Good news for BT and Vodafone as TalkTalk bidder Toscafund makes £1bn bet that telecoms shares are undervalued.

TalkTalk's offices in west London
PA

If you believe Martin Hughes at Toscafund, the sell-off in telecoms stocks this year is utterly overdone.

Plenty of investors hope the man they call The Rottweiller is right.

Since January, BT’s shares are down 41%, Vodafone’s are down 24% and TalkTalk nearly a third.

Hughes knows about the latter all too well, being a 29% shareholder. So, the fact he’s prepared to deploy £1 billion to take it private is an obvious vote of confidence.

Quite why he has such a rosy view is harder to gauge.

TalkTalk has been offered around the market for ages, but none of its rivals bit.

Remembered for its hacking scandal under Dido Harding (now presiding over Test and Trace), the self-styled “challenger telco” is a long-term struggler as a titch in a world of giants.

More challenged than challenger.

Customer service remains an issue and its most recent numbers showed revenues falling 7.5%, albeit in the thick of the covid lockdowns when engineers were unable to connect homes.

Hughes’ case is that the share price is missing the long-term demand for high speed fibre, especially for work-from-homers.
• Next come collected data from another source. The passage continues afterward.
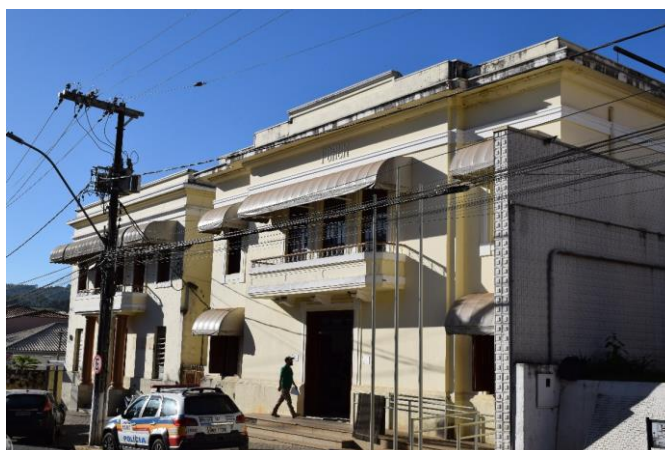
Imagem 02: Prédio do antigo Fórum de Machado. Fotografia de Jaíne Diniz Corrêa, mai/2023.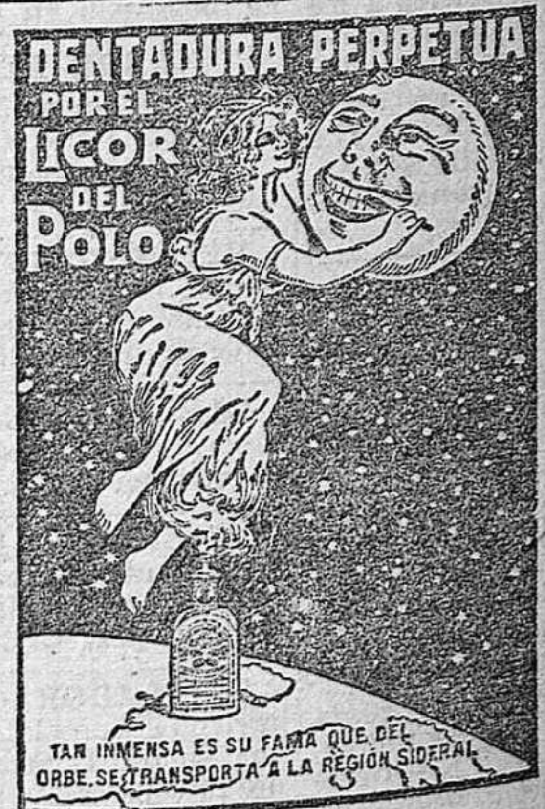
TAN INMENSA ES SU FAMA QUE DEL ORBE SE TRANSPORTA A LA REGION SIDERAL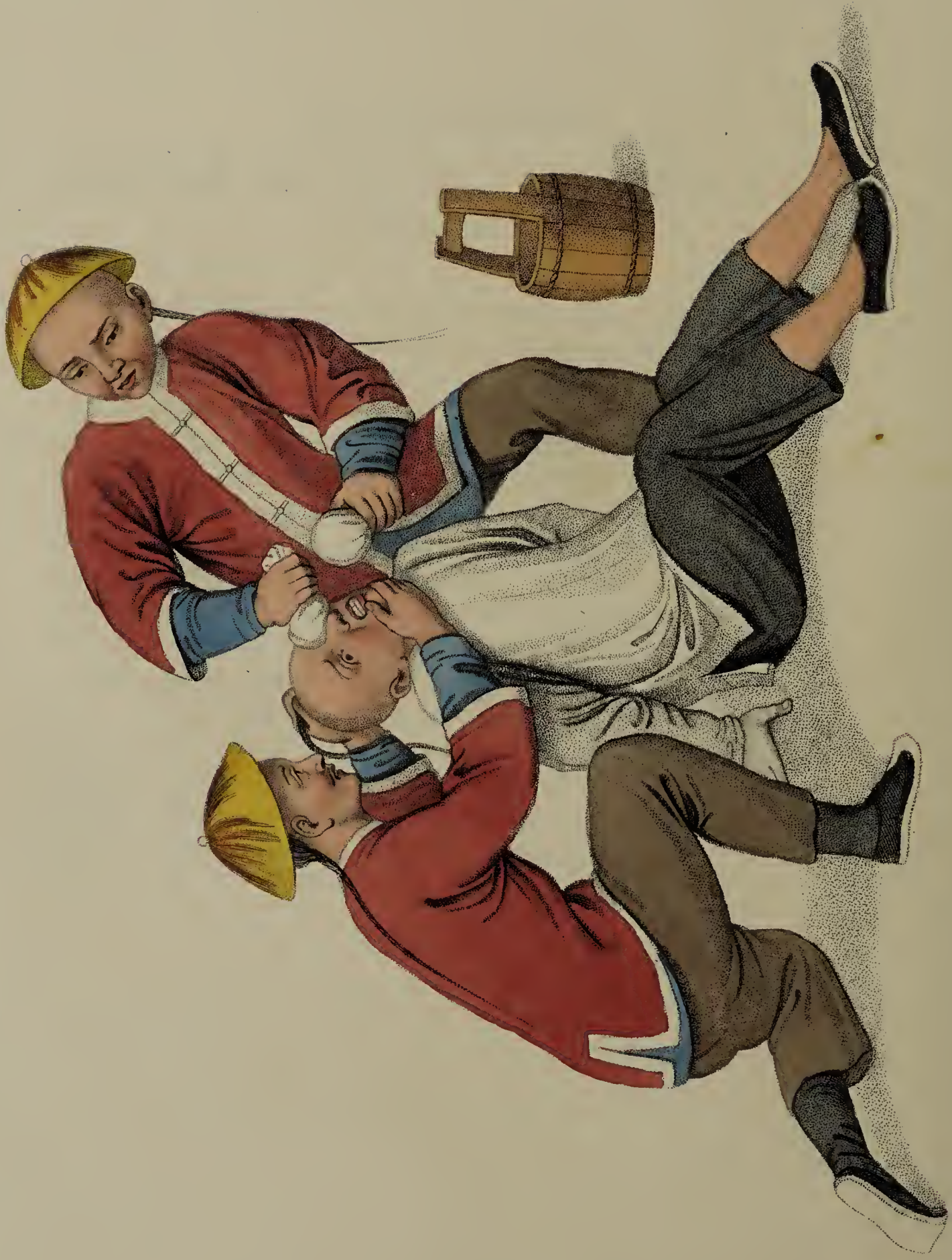
Engraved by 'Dadley for W. Miller, Old Bond Str., London, Jan. 1. 1861.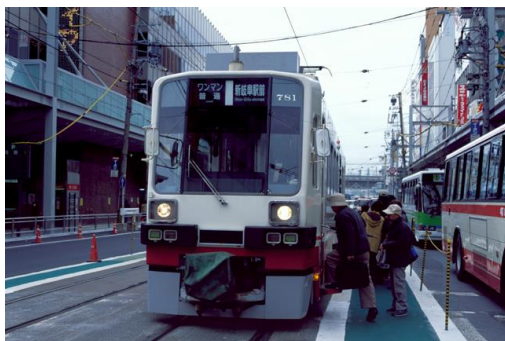
岐阜市内線 新岐阜駅前 乗降の様子

岐阜市内線は、岐阜駅前駅から忠節駅まで、および徹明町駅から長良北町駅までを結んでいた名古屋鉄道の軌道線であり、岐阜県岐阜市内を走行していたが、2005年4月1日に全線が廃止された。廃線にともなうデジタルアーカイブは、現在では撮影することのできない映像である。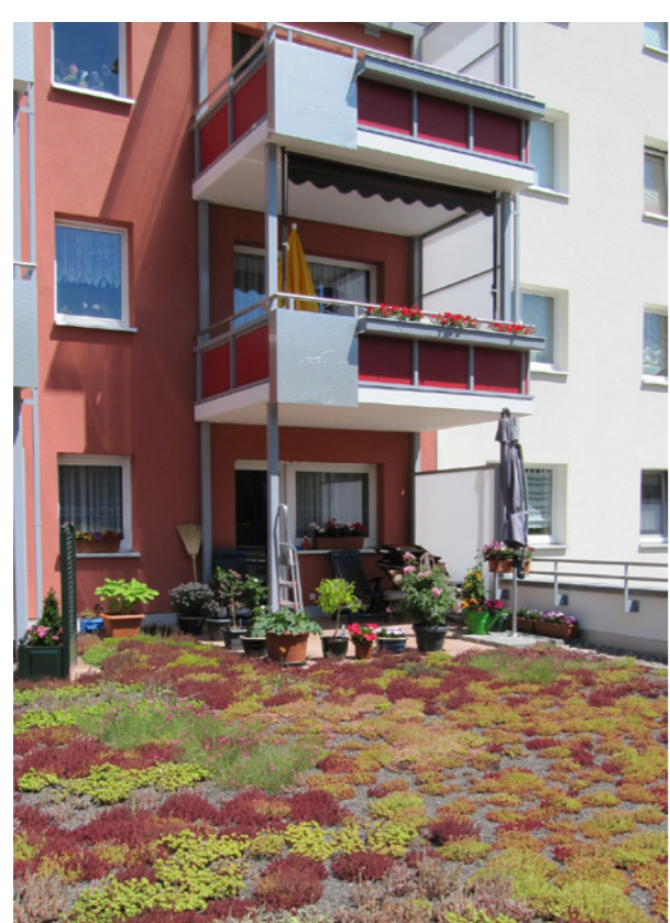
Gründach auf Tiefgarage; VWG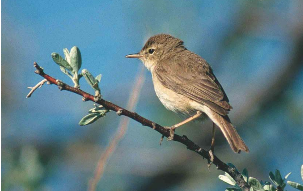
465 Booted Warbler / Kleine Spotvogel Acrocephalus caligatus , Karazhar, Tengiz, Aqmola Oblast, Kazakhstan, 20 May 2003. Note contrasting tertials and rusty-tinged flanks and upperbreast.

Note, however, that the dark crown-sides may be influenced shadow effects and that dark crown-sides can also appear faintly in Sykes's. In addition, in Sykes's, the supercilium is often shorter and ending just behind the rear edge of the eye.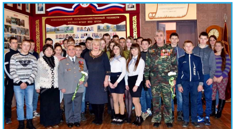
В историко-экологическом музее филиала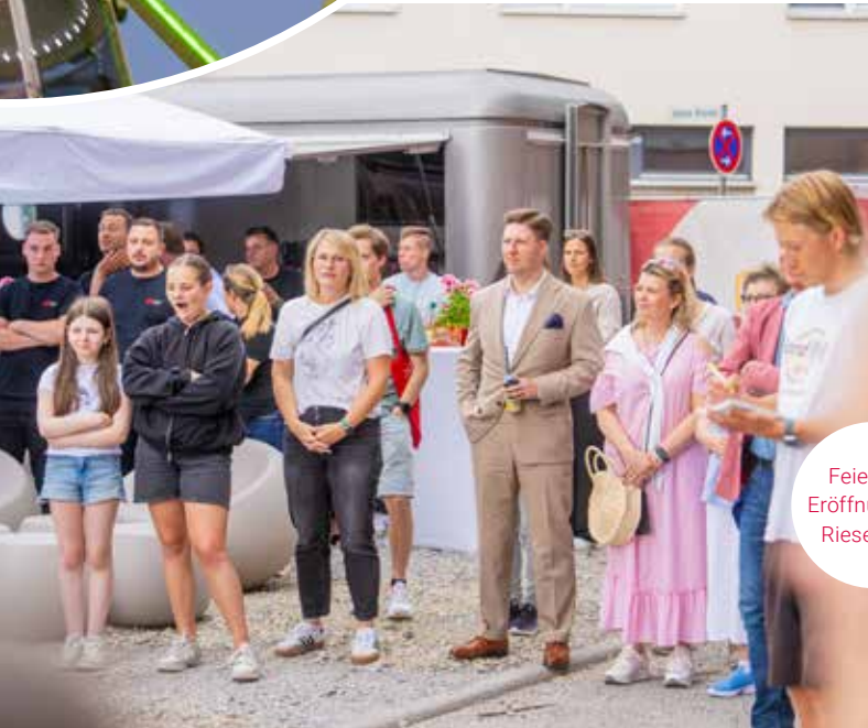
Feierliche Eröffnung des Riesensrads

Charles Dunstone, founder and fellow 29% shareholder, takes a similar view but can see there’s no prospect of shares bouncing back anytime soon.
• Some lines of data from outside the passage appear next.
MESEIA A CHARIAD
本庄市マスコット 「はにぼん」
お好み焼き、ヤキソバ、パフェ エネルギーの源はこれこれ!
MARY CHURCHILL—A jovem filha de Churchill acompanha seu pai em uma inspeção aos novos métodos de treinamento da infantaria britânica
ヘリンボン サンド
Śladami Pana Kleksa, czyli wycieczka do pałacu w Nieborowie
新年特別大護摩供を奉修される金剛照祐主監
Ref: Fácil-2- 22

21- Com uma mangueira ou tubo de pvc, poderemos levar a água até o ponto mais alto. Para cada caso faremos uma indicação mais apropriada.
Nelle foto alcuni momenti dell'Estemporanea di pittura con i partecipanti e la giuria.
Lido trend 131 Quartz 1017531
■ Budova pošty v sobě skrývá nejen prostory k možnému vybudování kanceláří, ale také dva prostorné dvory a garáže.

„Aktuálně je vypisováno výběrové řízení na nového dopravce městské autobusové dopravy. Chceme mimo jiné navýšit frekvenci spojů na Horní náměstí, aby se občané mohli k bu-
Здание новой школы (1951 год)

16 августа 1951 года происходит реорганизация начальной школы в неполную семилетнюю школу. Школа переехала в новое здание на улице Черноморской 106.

That he’s even considering the offer, having rejected £400 million more from Tosca last year, is proof of that.

Hughes is offering shares in TalkTalk after it’s taken private, so Dunstone can enjoy the upside if it bounces back.
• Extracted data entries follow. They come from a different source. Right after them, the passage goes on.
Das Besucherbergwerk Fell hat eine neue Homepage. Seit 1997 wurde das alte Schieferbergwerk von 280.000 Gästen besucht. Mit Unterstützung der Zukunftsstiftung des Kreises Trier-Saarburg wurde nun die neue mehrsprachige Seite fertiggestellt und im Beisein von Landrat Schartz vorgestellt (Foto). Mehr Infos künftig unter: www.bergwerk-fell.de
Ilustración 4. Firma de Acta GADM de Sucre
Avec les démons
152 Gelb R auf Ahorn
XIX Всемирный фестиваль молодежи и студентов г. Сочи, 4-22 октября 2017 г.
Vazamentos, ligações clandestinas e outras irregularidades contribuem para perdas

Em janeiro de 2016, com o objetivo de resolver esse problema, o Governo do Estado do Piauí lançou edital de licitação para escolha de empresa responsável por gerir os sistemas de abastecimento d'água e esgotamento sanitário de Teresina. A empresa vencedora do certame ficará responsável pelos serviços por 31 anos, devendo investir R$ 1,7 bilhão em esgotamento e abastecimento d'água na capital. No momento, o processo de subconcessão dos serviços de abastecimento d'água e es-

Whether minority shareholders agree this is a good deal is another matter.

Analysts at Barclays - whose investment bankers are advising TalkTalk - put a share price target of 120p on the company. Can they be so wrong?

Tosca, Dunstone and his sidekick David Ross own a collective 69% of the company.

The Takeover Panel must make sure the rest of the investors get a voice.